Data to examine.
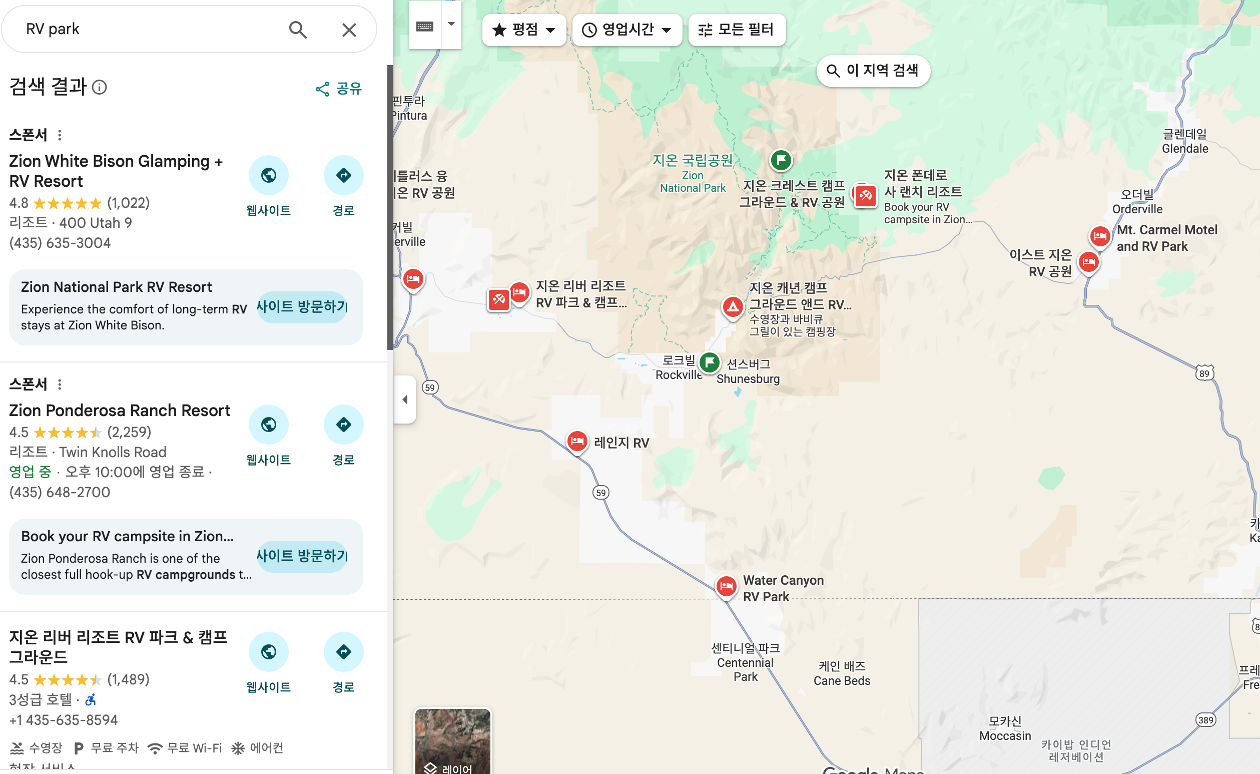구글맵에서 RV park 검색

...

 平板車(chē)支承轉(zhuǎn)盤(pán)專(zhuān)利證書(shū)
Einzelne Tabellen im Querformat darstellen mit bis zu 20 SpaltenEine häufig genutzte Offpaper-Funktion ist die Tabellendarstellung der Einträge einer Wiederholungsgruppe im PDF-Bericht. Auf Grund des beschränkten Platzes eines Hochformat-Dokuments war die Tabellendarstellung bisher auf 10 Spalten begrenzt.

Task statement. Only one part of the material above is to be transcribed, namely the lines starting with the line that has "平板車(chē)支承轉(zh" and going on through the line that has "Einzelne Tabellen im", exactly as they stand.

Task solution.
 平板車(chē)支承轉(zhuǎn)盤(pán)專(zhuān)利證書(shū)
Einzelne Tabellen im Querformat darstellen mit bis zu 20 SpaltenEine häufig genutzte Offpaper-Funktion ist die Tabellendarstellung der Einträge einer Wiederholungsgruppe im PDF-Bericht. Auf Grund des beschränkten Platzes eines Hochformat-Dokuments war die Tabellendarstellung bisher auf 10 Spalten begrenzt.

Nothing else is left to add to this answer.